Cansen'in yerel seçimler düzeyinde tanımladığı "gözünü kan bürümüş yağmacı", bununla da yetinmemekte ve milletvekili olmak istemektedir.

İşte benim "yamyam" dediğim mahluklar bunlardır.

Şimdi kısaca, basın bu konuda neler yazmış bir bakalım:

Biliyorsunuz, sürekli olarak yağmayla mücadele edenlerin başında Cumhuriyet ve Cumhuriyet içinde de yazar olarak Oktay Ekinci gelir.

Ekinci, geçen gün, Cumhuriyet'teki köşesinde, şöyle yazıyordu:

"Bir kenti ya da beldeyi "yaşanılmaz" kılan her türlü imar duyarsızlığına önayak olmuş siyasiler, aynı kent halkından "şaşılacak bir rahatlık içinde" yeniden oy isteyebiliyorlar. Benzer şekilde "millete ait" çevre ve kültür değerlerini yağmalayıp yok etme pahasına "yatırım" yapan kimi "işadamları" da aynı işlerini bu kez siyasal güçleriyle sürdürmek için "milletvekili" olmak üzere kürsülere çıkabiliyorlar..."

Ekinci bu insanlara örnek olarak da Muğla'da birinci sıradaki ANAP adayını gösteriyordu.

Hürriyet'te, yolsuzluklarla tek kişilik bir ordu gibi uğraşan Yalçın Bayer ile Milliyet'in her türlü yağmaya karşı hassas olan kıdemli yazarı Hasan Pulur, geçen gün, üçüncü köprü yamyamlığıyla savaşmak isteyenlerin, Sinop'a gidip, bu projeyi destekleyen Yaşar Topçu'nun adaylığına karşı kampanya yapmalarını öneriyorlardı.

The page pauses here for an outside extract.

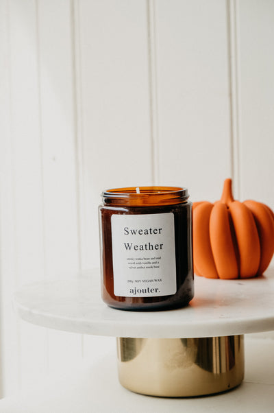 Wrap yourself in autumnal cosiness with our Sweater Weather Candle. Expect smoky tonka bean and oud wood with a vanilla and amber musk base. Expect a rich and luxe scent that will be perfect for a day or evening vibe.
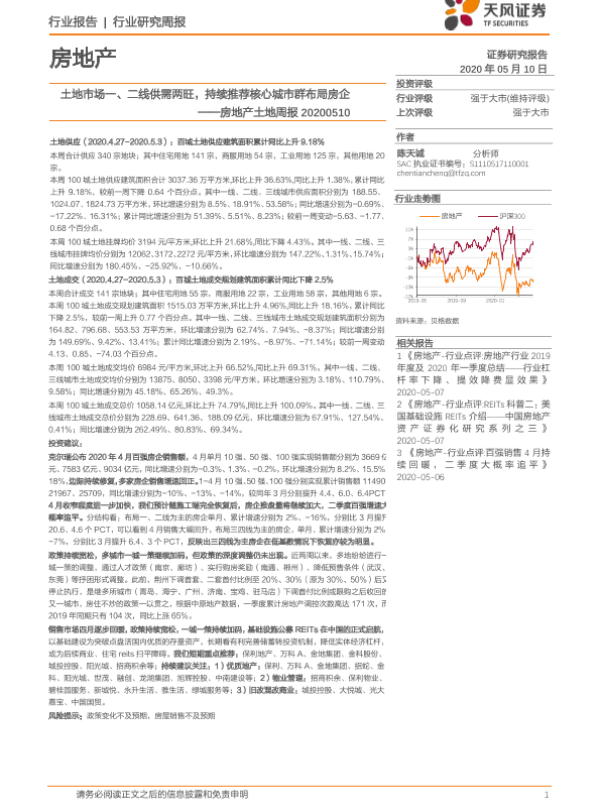 【天风证券】【20200510】土地市场一、二线供需两旺,持续推荐核心城市群布局房企-9页 行业研究

Yine Hürriyet'te Emin Çölaşan, 26 Şubat tarihli yazısında, Fazilet Partisi içindeki "şaibeli" adayları ve DYP'den seçilecek yere konulan, Abdi İpekçi'nin katili Mehmet Ali Ağca'yı yurt dışına kaçıran kişi de olmak üzere, bazı adayların kimliklerini, "Parayı veren düdüğü çalıyor" atasözü çerçevesinde açıkladı.

Fatih Altaylı, 1 Mart tarihinde "DYP listelerinde 3675 tarikat mensubu" başlığı ile bu partinin adaylarını kamuoyuna duyururken, ANAP için de "milletvekili listelerini oluştururken, DYP'den daha sorumsuz davranmış" diye yazdı.

Sabah gazetesinde değerli gazeteci Necati Doğru, hemen hemen her gün, politikacıların ve bürokratların soygun haberleri ile, seçimlerde de bu soygunun nasıl devam edeceğini yazıyor.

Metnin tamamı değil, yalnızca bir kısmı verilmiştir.